The key advantages over managed cloud RAG services: no vendor lock-in, no per-query costs (you pay only for compute), ability to run entirely offline for air-gapped environments, and complete control over every component in the pipeline. The tradeoff is operational overhead -- you manage the vector database, embedding model serving, and the glue code between components.

LangChain provides a unified interface across vector stores, making it easy to swap backends without rewriting retrieval logic. This is particularly useful during prototyping: start with Chroma in-memory, then move to Qdrant for production.

Qdrant

Qdrant is a high-performance vector search engine with rich filtering capabilities. It is the recommended choice for production OSS RAG deployments.

Local setup

Run via Docker for development:

bash
docker run -p 6333:6333 -p 6334:6334 qdrant/qdrant

Or use in-memory mode for tests and prototyping:

python
from qdrant_client import QdrantClient

client = QdrantClient(":memory:")  # In-memory, no persistence
# or
client = QdrantClient(path="./qdrant_data")  # On-disk persistence
# or
client = QdrantClient(url="http://localhost:6333")  # Docker/remote

Creating a collection

python
from qdrant_client.models import VectorParams, Distance

client.create_collection(
    collection_name="docs",
    vectors_config=VectorParams(size=768, distance=Distance.COSINE),
)

Indexing documents

python
from qdrant_client.models import PointStruct

points = [
    PointStruct(
        id=i,
        vector=embedding,
        payload={"text": chunk, "source": "doc.pdf", "page": 3}
    )
    for i, (embedding, chunk) in enumerate(zip(embeddings, chunks))
]

client.upsert(collection_name="docs", points=points)
python
results = client.search(
    collection_name="docs",
    query_vector=query_embedding,
    limit=10,
)

for result in results:
    print(f"Score: {result.score}")
    print(f"Text: {result.payload['text']}")
    print(f"Source: {result.payload['source']}")

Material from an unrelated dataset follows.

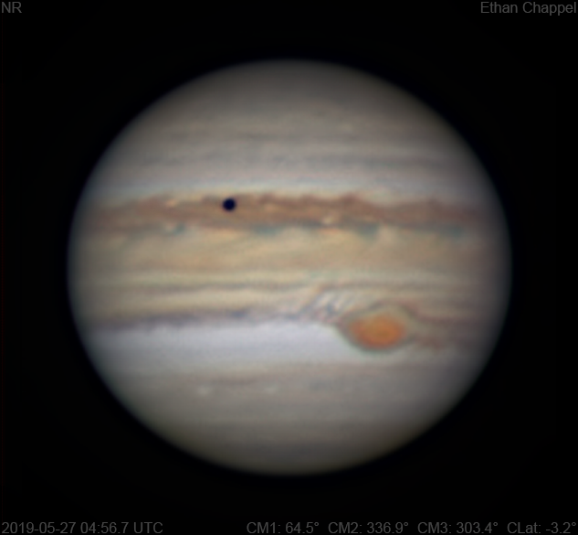 I wasn't expecting to image within the next week. However, I found Jupiter shining through a very thin cloud layer, so I hastily set up the C8 in a race against the clouds that were predicted to arrive at any moment. This was the first light of my new ZWO RGB filters, which I find to be much better than the Orion filters I was previously using with the this telescope. Notes: Io and its shadow is transiting the North Equatorial Belt. White Oval Z is directly north of the Great Red Spot. The Equatorial Zone is still orange. The southern edge appears to be finally losing its white color. The South Equatorial Belt appears to be split by a white zone. The southern edge of the belt appears more gray than brown. The Great Red Spot is highly sheared on the western edge. Another cloud sheared off the GRS a few days earlier is to the east of the storm.

Qdrant supports rich filtering that is applied BEFORE vector search, not after. This means filters do not reduce result quality -- you always get the top-K results within the filtered subset:

python
from qdrant_client.models import Filter, FieldCondition, MatchValue

results = client.search(
    collection_name="docs",
    query_vector=query_embedding,
    query_filter=Filter(
        must=[
            FieldCondition(
                key="source",
                match=MatchValue(value="doc.pdf"),
            )
        ]
    ),
    limit=10,
)

Why Qdrant for production

  • Better performance at scale (millions of vectors) with HNSW indexing and quantization
  • Rich filtering with payload indexes (numeric ranges, keyword matches, geo filters)
  • Production-grade persistence with WAL (write-ahead log) and snapshots
  • Horizontal scaling with sharding and replication
  • gRPC API for high-throughput applications

Chroma

Chroma is a simple, developer-friendly vector store optimized for rapid prototyping and small-to-medium datasets.

Local setup

python
import chromadb

# In-memory (no persistence)
client = chromadb.Client()

# On-disk persistence
client = chromadb.PersistentClient(path="./chroma_db")

Creating a collection

python
collection = client.create_collection(
    name="docs",
    metadata={"hnsw:space": "cosine"},
)

Indexing

python
collection.add(
    ids=["id1", "id2", "id3"],
    embeddings=[emb1, emb2, emb3],
    documents=["text 1", "text 2", "text 3"],
    metadatas=[
        {"source": "a.pdf"},
        {"source": "b.pdf"},
        {"source": "a.pdf"},
    ],
)

Querying

python
results = collection.query(
    query_embeddings=[query_emb],
    n_results=10,
)

# results["documents"][0] contains the matched texts
# results["distances"][0] contains the similarity scores
# results["metadatas"][0] contains the metadata dicts

Auto-embedding

Chroma can auto-embed documents if you configure a default embedding function. This simplifies the pipeline by removing the explicit embedding step:

python
from chromadb.utils.embedding_functions import SentenceTransformerEmbeddingFunction

embedding_fn = SentenceTransformerEmbeddingFunction(model_name="all-MiniLM-L6-v2")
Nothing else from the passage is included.